Benue State Government has dismissed talk about its planned rehabilitation centre as “mischievous misrepresentations,” insisting the facility is meant for victims who were forced into criminal gangs—not for hardened terrorists.
Josephine Habba, Director-General of the Benue State Peace and Reconciliation Commission, clarified this on Monday while reacting to public debate over the proposed Disarmament, Demobilisation and Reintegration (DDR) centre. She said the project has to be seen against the backdrop of Benue’s long-running insecurity.
“Benue became almost a theatre of conflict, and we needed to stop it fast,” Habba said. She noted that while the herder-farmer crisis grabs headlines, it doesn’t capture the full picture of the state’s security problems.
“There’s confusion around conflict in Benue State. When you mention conflict, the big elephant people think about is the herder-and-farmer clash. But that doesn’t address the root causes of insecurity here.”

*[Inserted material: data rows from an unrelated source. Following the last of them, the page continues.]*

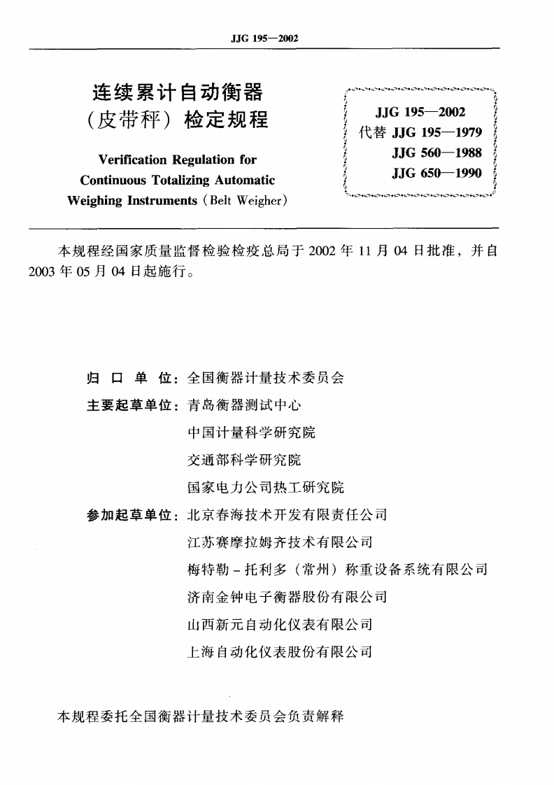 JJG195-2002连续累计自动衡器(皮带秤)348072@abc4个月前发布关注私信3.47MB113页035JJG195-2002连续累计自动衡器(皮带秤)此内容为付费资源,请付费后查看¥16¥23黄金会员免费钻石会员免费立即购买您当前未登录!建议登陆后购买,可保存购买订单付费资源 第1页 / 共113页 第2页 / 共113页 试读已结束,还剩111页,您可下载完整版后进行离线阅读 THE END标准规范 文本预览 可G中华人民共和国国家计量检定规程JJG195-2002连续累计自动衡器(皮带秤)Continuous Totalizing Automatic Weighing Instruments(Belt Weigher)2002-11-04发布2003-05-04实施国家质量监督检验检疫总局发布 查看更多 收起部分 喜欢就支持一下吧收藏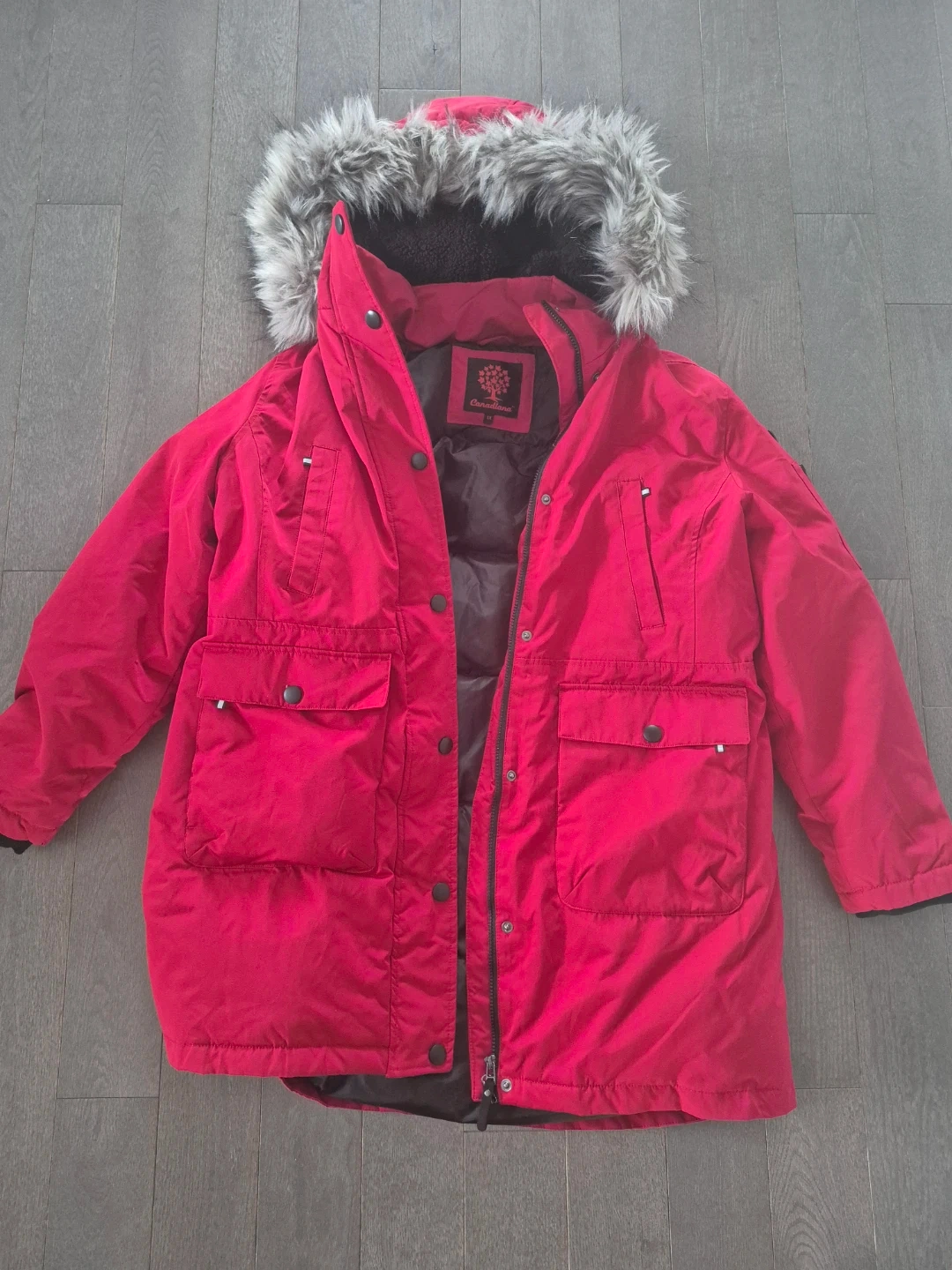 Selling a Canadiana winter parka in a vibrant red colour. It's a size 1X and features a faux fur-trimmed hood to keep you warm during those cold Canadian winters. This jacket is perfect for staying cozy and stylish!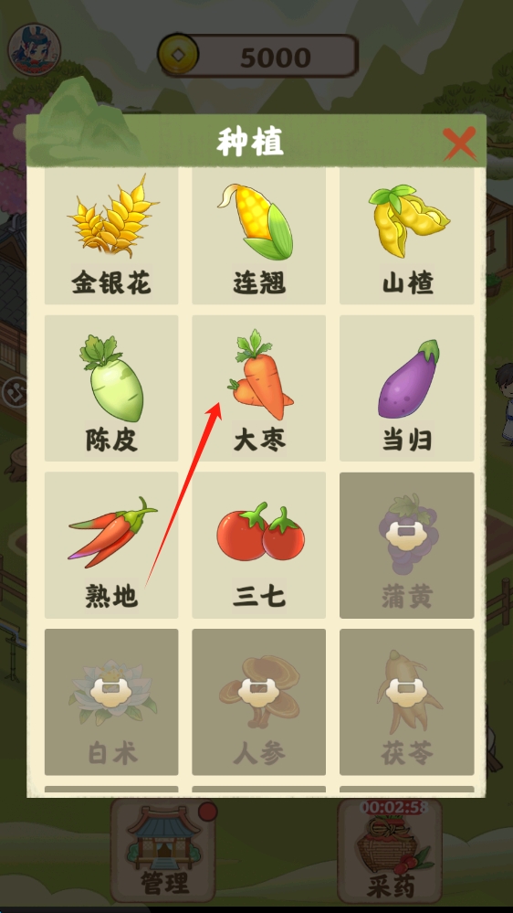 2、點擊管理,注意收集限時藥材種子,可能用于解鎖特殊配方,利用每日登錄獎勵獲取免費種植加速與稀有種子。

She singled out the Sankera axis—Katsina-Ala, Ukum and Logo local-government areas—where armed banditry has taken hold.
“We all know the story of Sankera. The fights there aren’t just about farmers and herders. These are our own children, young people dragged or forced into banditry.”
Habba recalled that in early 2024 Governor Hyacinth Alia visited Katsina-Ala after the Catholic Diocese presented alarming reports. “At that meeting we learned that many of our children were snatched from markets, homes, even while riding motorcycles, and taken into the creeks to work for criminal gangs.”
According to her, the abductees “were used as foot soldiers or ordered to carry out risky jobs for kingpins hiding in the forests. Sometimes women, including pregnant women, were taken to cook or run errands.”
After assessments by the commission and partners, more than 1 800 people were profiled as having been forced into bandit networks.
“These were the people presented to the governor. They’re not the state’s entire criminal population, just individuals whose situations need careful handling.”
Governor Alia, she said, opted for a “carrot approach”: if these people are genuinely remorseful and weren’t criminals before being hauled into the bush, he would consider amnesty. A committee was then set up to run discreet background checks.